Hierfür wird ein dreidimensionaler Datensatz des betroffenen Knochens und des Defekts mittels Computertomografie erstellt. Mit einer speziellen Lasertechnik kann daraufhin der entsprechende Titan Mesh Scaffold im 3D-Druckverfahren individuell für den jeweiligen Patienten angefertigt werden. Während der OP wird dieser passgenau in den Knochendefekt eingesetzt. Insgesamt 19 Patienten sind bisher an der Charité mit einem derartigen Implantat versorgt worden, mit zukunftsweisenden Ergebnissen, wie die Mediziner der Charité mitteilen.

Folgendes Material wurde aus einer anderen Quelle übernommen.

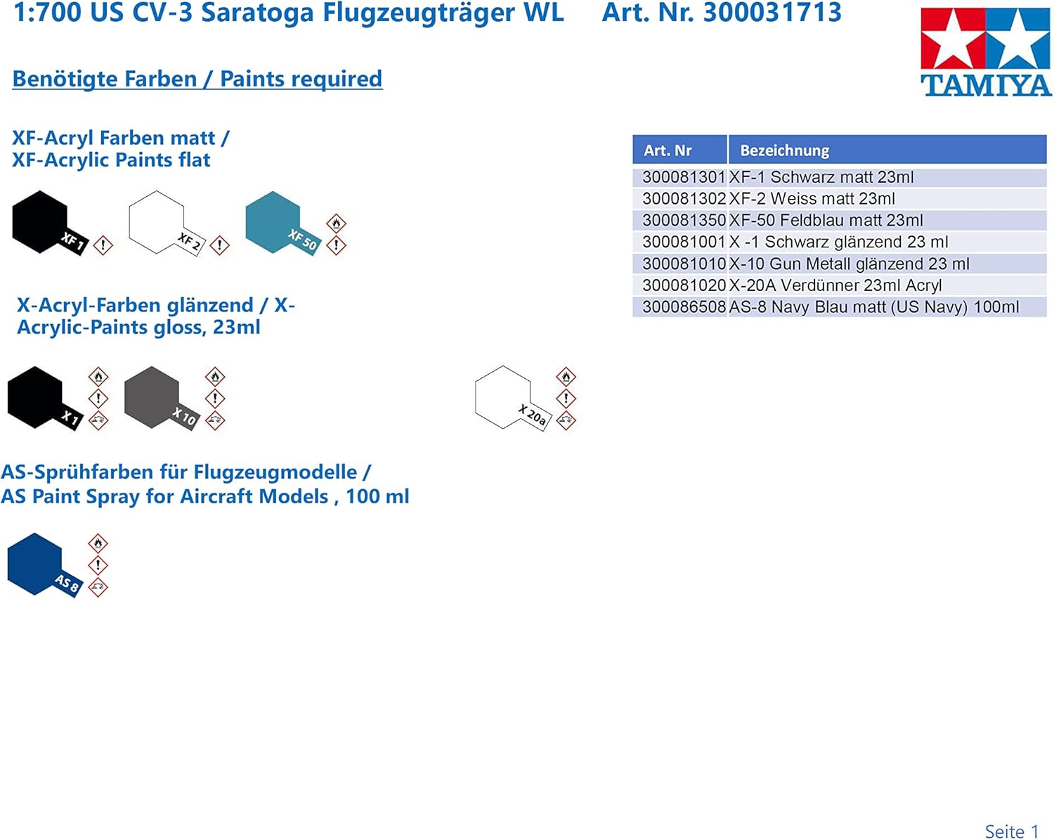Tamiya 31713 1/700 US Aircraft Carrier Saratoga Plastic Model Kit
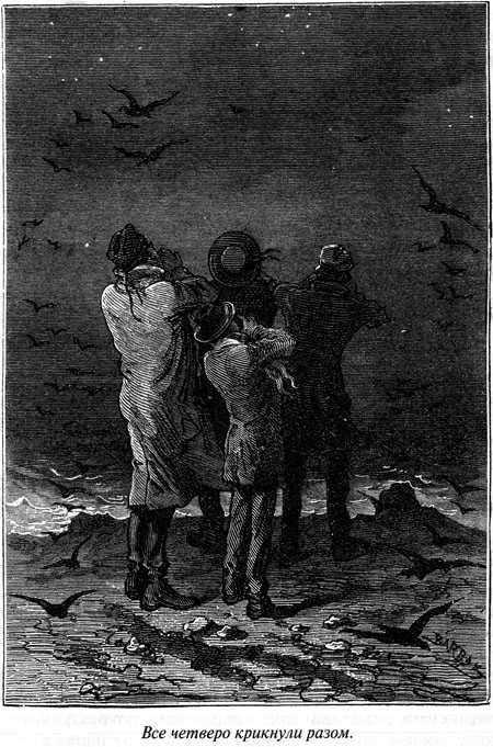 Время близилось к шести часам вечера. Туман сгустился, и стало совсем темно. Аэронавты, потерпевшие крушение, шли в направлении к северу по восточному берегу земли, на которую их выбросило волей случая, земли, совершенно им неизвестной, о географическом положении которой они не могли строить никаких догадок. Они шли, чувствуя под ногами то песок, то камни, – казалось, что земля тут совсем лишена растительности. Продвигаться вперед было очень трудно. Они шагали в темноте по каким-то буграм, местами попадались глубокие рытвины. Из них поминутно поднимались невидимые во мраке большие птицы и, грузно взмахивая крыльями, разлетались во все стороны. Другие птицы, поменьше, попроворнее, выпархивали целыми стаями и живым облаком проносились над головами путников. Моряку казалось, что это были бакланы и чайки, – он узнавал их по жалобным пронзительным крикам, перекрывавшим грозный рев прибоя.
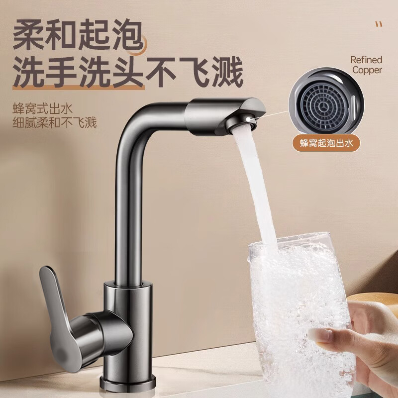 奥克斯(AUX)304不锈钢面盆水龙头洗手盆洗脸盆洗手池冷热卫生间龙头 七字面盆龙头【电镀银】
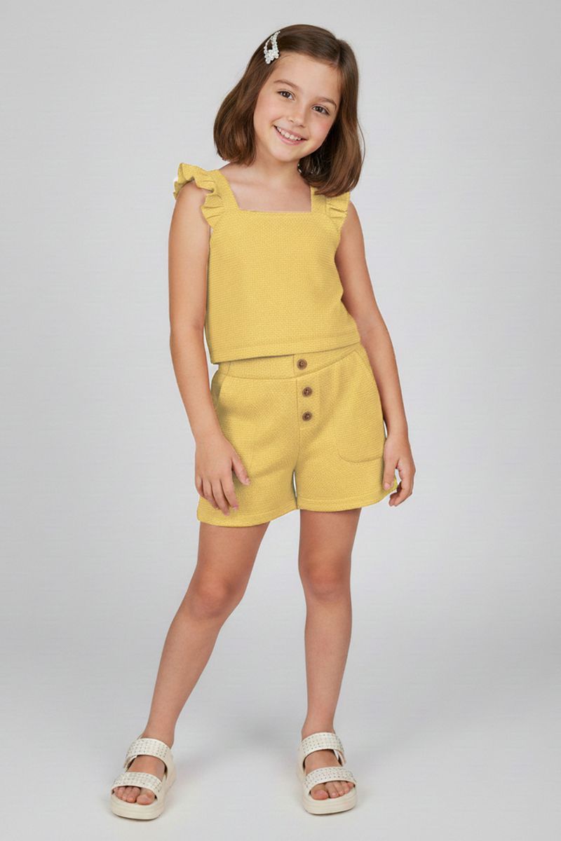 • Conjunto composto por regata e short • Feito em new croche gloss • Possui alças com babados • Possui elástico no cós • Possui forro • Possui bolsos • Ideal para passeios e momentos especiais
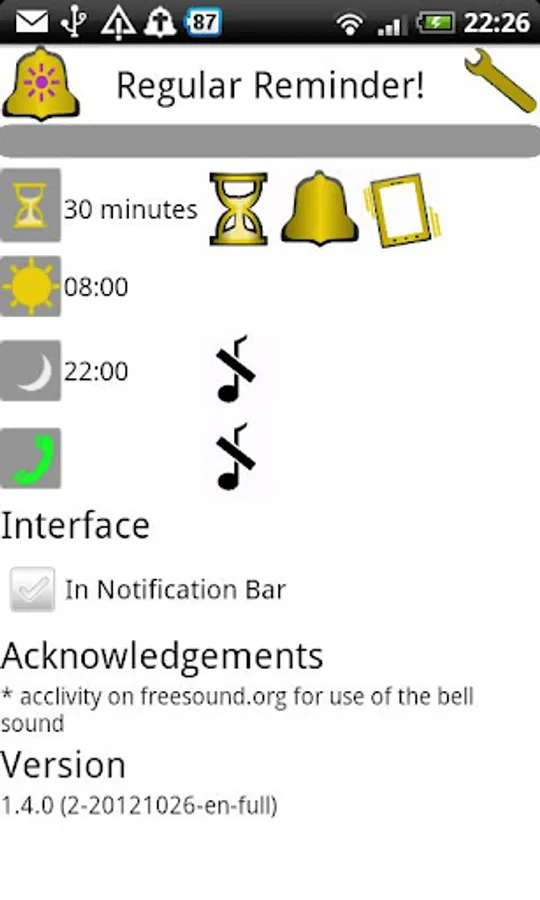 * Configuration screen available via the widget, by running app or tapping notification bar (if set to be there!).
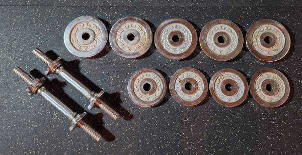 Gold's Gym Weight Plates and Dumbbells. Includes: •Five 5-Pound Weight Plates •Four 3-Pound Weight Plates •Two Adjustable Dumbbells •Four Dumbbell Clips Pickup in Aurora near Quincy and Picadilly.
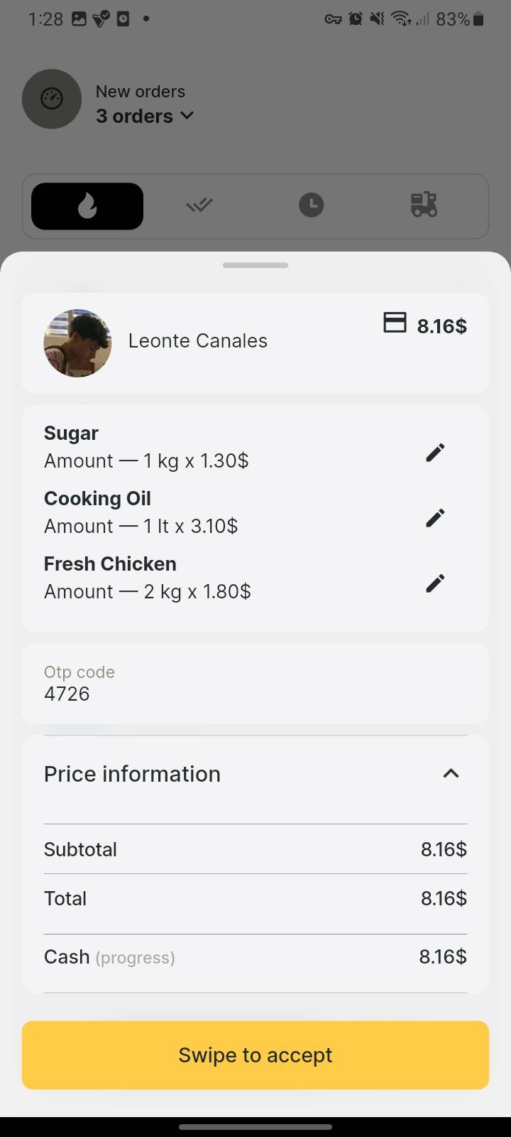 Order and pay from the app. Local shops handle the purchase. Trusted couriers deliver it to your door.
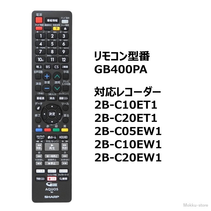 シャープ アクオス ブルーレイ 純正リモコン GB400PA SHARP AQUOS レコーダー リモコン 0046380290 2B-C10ET1 C20ET1 C05EW1 C10EW1 など
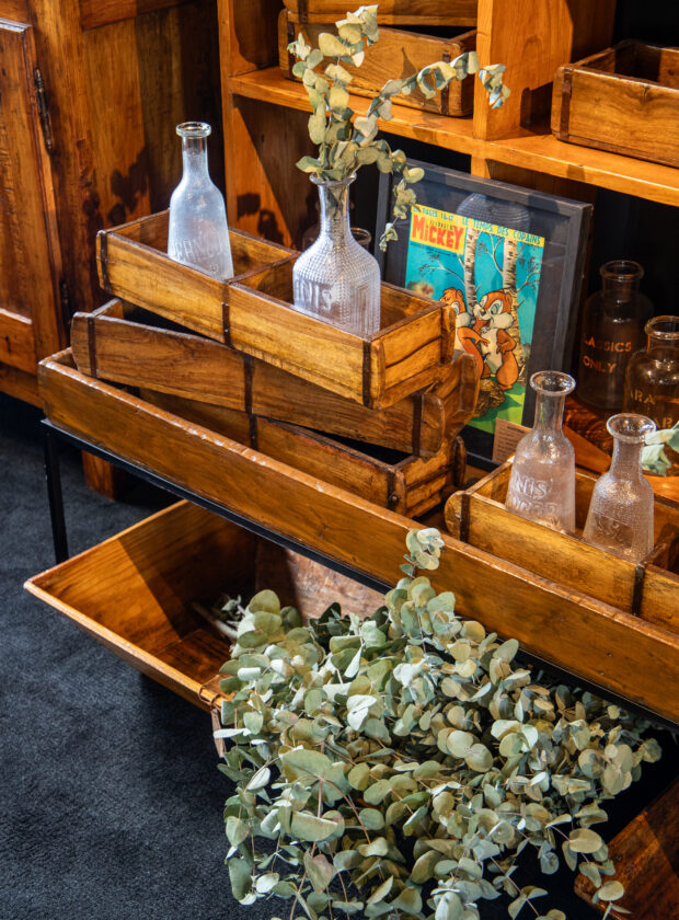 Um dos pontos centrais da AD. Studio é a ressignificação de peças. Ou seja, fôrmas de tijolo holandês do início do século 20 podem servir como bandejas. Um engradado francês para bebidas, da mesma época, faz a vez de cachepô.
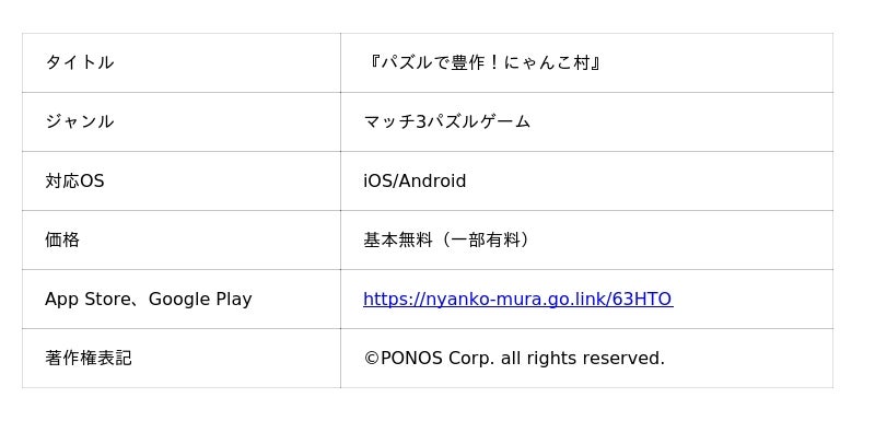 ポノス株式会社(本社:京都府京都市、代表取締役:辻子依旦)は、2026年3月10日(火)から『パズルで豊作!にゃんこ村』の初のリアルイベント「パズルで豊作!にゃんこ村 出張直売所 in 西武渋谷店」と「にゃんこ大商店 出張所 ~開運招福!~」を同時開催しています。
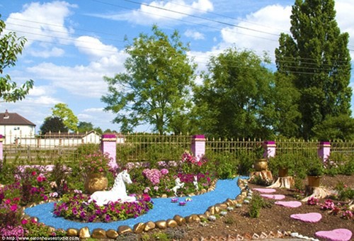 這棟別墅的外墻刷著粉色油漆,而內(nèi)部則有一個裝點著獨角獸雕像的小花園,周圍散落著許多粉色花朵,其間也有鵝卵石和羊腸小徑蜿蜒盤繞。
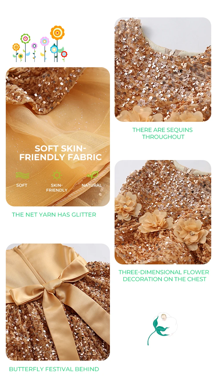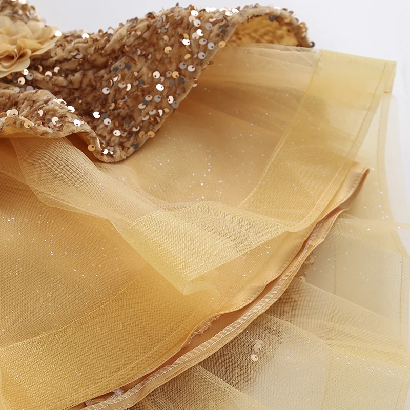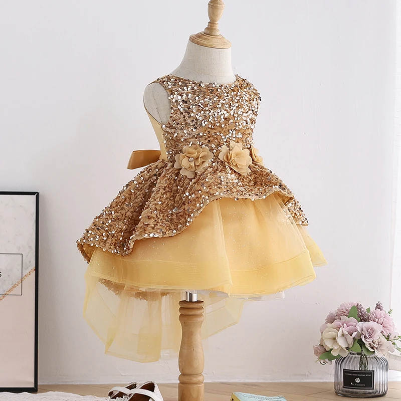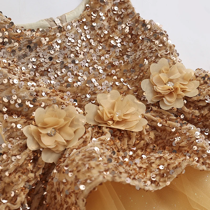 Type | Gold sequin fancy prom dress party birthday gown baby girl's dresses |
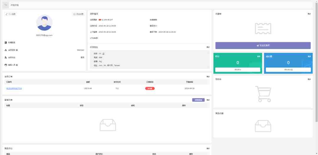 会员级别,留言列表,订阅列表,会员购物车,会员收藏,商品评论以及积分设置。
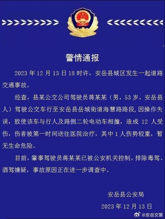 ·四川安岳一公交車中學門口撞倒多名學生,警方通報:12人受傷。
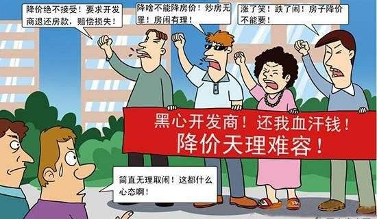 三个月前付两万买一平米的房,现在卖一万七,不行,我得把差价要回来。我们这个社会除了法律强制外,还有很多契约和公理规范人们的行为,才保障了社会的相对稳定。说的平白点儿,这个相对稳定的社会是由许多小的平衡体系维护着, 小的平衡体系又一环套着一环。你也许没有义务去维护这种平衡,你也不把公理放在眼里,但你的行为还是要受契约约束的。到房地产公司“维权”,标语上的字写的再大都没用,想不通就干脆到法院起诉,看胜算几何。想得通就自认这个“不公平”,谁让你眼浊当初在买房合同上签字呢。为什么不等到降价时再买呢?说来说去还是你自己的问题。
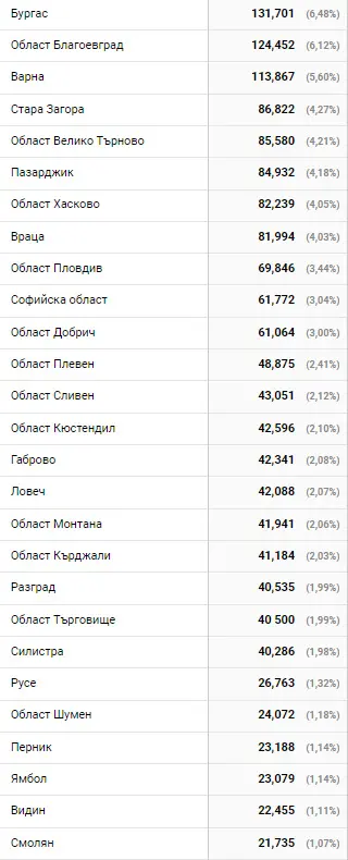 Уникалните потребители на Tribune.bg в София са 304 хил. В столицата е и най-голямото читателско ядро на медията. Отлично покритие с по над 100 хил. читатели имаме още в областите Бургас, Благоевград и Варна.
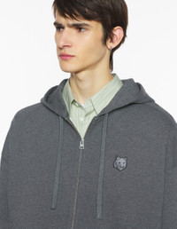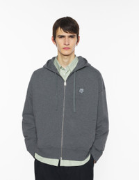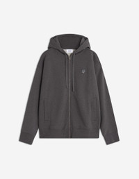 DETAILS Fleece zipped hoodie. Oversize fit with Tonal Fox Head embroidered patch. - Plain cotton fleece zipped hoodie - Organic cotton - Oversize fit - Hood with drawstring finished with metal cord tips - Zip fastening, Profile Fox engraved zip puller - Tonal Fox Head embroidered patch on the chest - Long sleeves - Two side pockets - Rib finishing at cuffs and hem PM02138KM0340-H170 SIZE & CUT Cut: OVERSIZE Sizing: MEN The male model is 6.1 and is wearing size M MATERIAL Main Material: 100% COTTON, RIB: 98% COTTON, 2% ELASTANE TRACEABILITY Made in Portugal
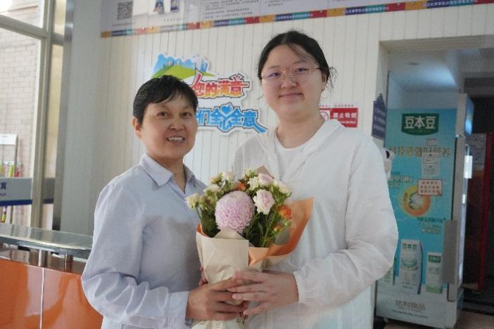 在丹阳园区,当同学们将一捧鲜花递到宿管阿姨手中时,阿姨脸上绽放出了惊喜又灿烂的笑容。“今年是儿子第一年在外地上大学,不在身边,没想到我还有机会在母亲节收到这么大一捧鲜花,我太高兴了。”阿姨说道,“你们就像我的孩子一样,希望你们也都能够健健康康、快快乐乐得过好每一天。”

Um die Knochenheilung anzuregen, wird der Titan Mesh Scaffold zusätzlich mit körpereigenem Knochen, Wachstumsfaktoren und Knochenersatzmaterial gefüllt. Ob das Design der Titannetzwerke daneben auch mechanisch optimiert und der Heilungsprozess weiter angeregt werden kann, hat ein interdisziplinäres Team um Dr. Anne-Marie Pobloth vom Julius Wolff Institut der Charité geprüft. „Wir haben zunächst am Computermodell ein Scaffold in standardisierter Größe mechanobiologisch weiterentwickelt. Anschließend konnten wir im Großtiermodell den tatsächlichen Einfluss auf die Knochenheilung untersuchen“, erklärt die Fachtierärztin. Der weiterentwickelte Scaffold besteht aus einer sich wiederholenden honigwabenartigen Struktur, die das Einwachsen von Knochengewebe durch Kanäle noch besser leiten soll. Variierende Durchmesser im Inneren der Konstruktion sorgen für unterschiedliche Festigkeitsoptionen. „Es hat sich gezeigt, dass weiche Implantate, die in Kombination mit einem klinisch anerkannten Plattensystem eine höhere mechanische Stimulation der Knochenheilung zulassen, bereits nach drei Monaten auf Röntgenaufnahmen eine schnellere Knochenbildung abbilden als die härteren Varianten“, sagt Unfallchirurg PD Dr. Philipp Schwabe.